Meng Zhizhong (孟执中; 16 December 1934 – 14 December 2019) was a Chinese satellite engineer at the Shanghai Academy of Spaceflight Technology. He was the chief designer of the Fengyun-1, China's first meteorological satellite, as well as the Fengyun-3.

==Biography==
Meng was born in Hangzhou (some documents record that he was born in Zhuji), on December 16, 1934. In 1956 he graduated from South China University of Technology. In 1958 he was sent to study at the Institute of Automatic and Remote Control, Russian Academy of Sciences at the expense of the government.

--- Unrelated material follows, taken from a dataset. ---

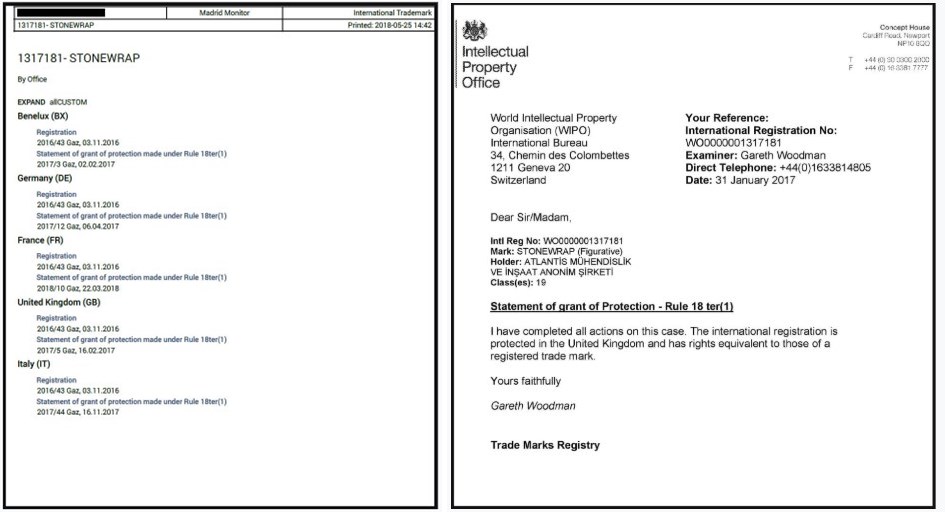 The need for registration in the most important countries of Europe, which was born with the brand becoming more and more involved in the European building materials markets, resulted in a long wait. The application for the registration of the Stonewrap brand in the Benelux countries, Germany, England, Italy and France has resulted in a positive result, making Stonewrap a registered trademark in Europe

From 1960 to 1968, he worked as assistant researcher in Institute of Automation, Chinese Academy of Sciences (CAS). In 1968 he became director of Computer System Department at the Satellite Telemetry and Telecontrol Base, but having held the position for only one year. In 1970, he was appointed deputy director and chief engineer of Shanghai Huayin Machine Factory, which is a satellite assembling factory. He was director of 509 Institute of the Fifth Academy of the Ministry of Astronautics Industry of the People's Republic of China in 1982, and held that office until 1993. He became deputy director of Science & Technology Committee of Shanghai Academy of Space flight Technology (SAST) in 1993.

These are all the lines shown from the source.